# Hacking audio of Spirit animatronics?



## stoic_clown (Nov 11, 2011)

Like most of us here (I'm sure), I have acquired several animatronics from Spirit Halloween Store, as well as other stores and websites, over the years that I populate my yard with every 31st of October. But the reality is that I would probably have even more had I not chosen to pass on several that initially caught my eye. The problem is I have come across so many store bought animatronics that LOOK really cool, but SOUND absolutely horrible. It's probably my chief pet peeve when it comes to commercial animated props... the manufacturers always seem to give their props the silliest, stupidest, most ridiculous audio tracks. They take a decaying zombie or wicked witch or creepy crawly of some sort and give it an awesomely cool, eerie, spookily-effective appearance, but the effect is absolutely ruined as soon as it opens its mouth and starts to spout the cheesiest, most un-scary dialog and gibberish. They are obviously trying to be creative, but the sad fact of the matter is that the prop would be 100 times more effective if they would forgo the silly banter and just make it groan and growl, scream, or laugh maniacally instead of making it go off and talk to the ToTs. On top of the cheesiness of the dialog, I also typically find that the ToTs and their parents just move along and enjoy the scenery and don't take the time to stand there and listen to the props and their little holiday-themed orations, so having the prop go off on a 2 minute long diatribe is a waste of time and effort. The prop would be so much more impactful if it would just lunge or pop up and loudly go "GRRRRRRRR!"
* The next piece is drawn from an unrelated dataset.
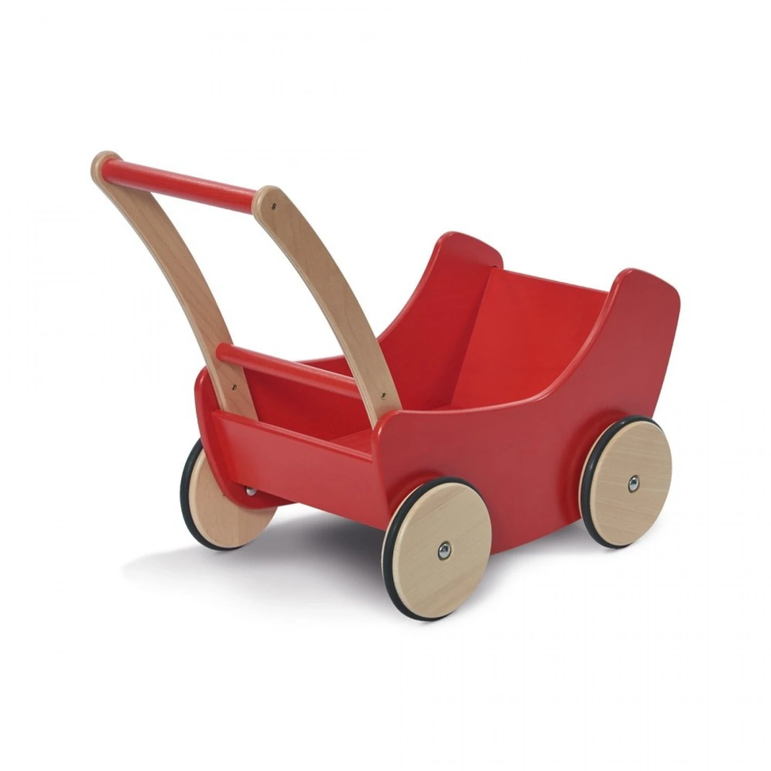Landau-Poussette en bois rouge avec literie de Nic Toys

I would love to find a way to hack into the electronics of these props, bypass the factory installed audio tracks, and replace them with my own audio. Maybe wire in a CD player or MP3 player somehow and let that be the source of the audio. I know there used to be a way to do that with the old Boris Talking Skull props with the wired in microphones that you could speak into, allowing you to talk through the skull. I imagine there HAS to be a way to hack into these pre-recorded props roughly the same way without completely ruining them and making them inoperable. But though I have some basic skills with soldering and wiring, I lack the knowledge of electronic circuit boards to be able to figure out how to do such a thing. 

Has anybody ever tried to hack the audio of these Spirit props and been successful? Any tips or tricks or how-tos that could be shared?

Thanks.


----------



## David_AVD (Nov 9, 2012)

I have a few of that style of prop and have been looking at ways to upgrade their electronics. A lot of them share the same overall design; speaker, LED eyes, jaw motor and either a light or sound sensor for the trigger.

They all seem to have the sound file embedded in the control board's chip and modifying it for different audio is not possible. I have heard of some that have an external input that can be fed from an audio board, but they seem to be in the minority.

Another option is to replaced the existing board with a prop controller. This would have the same types of outputs as the original board, but with your choice of audio track.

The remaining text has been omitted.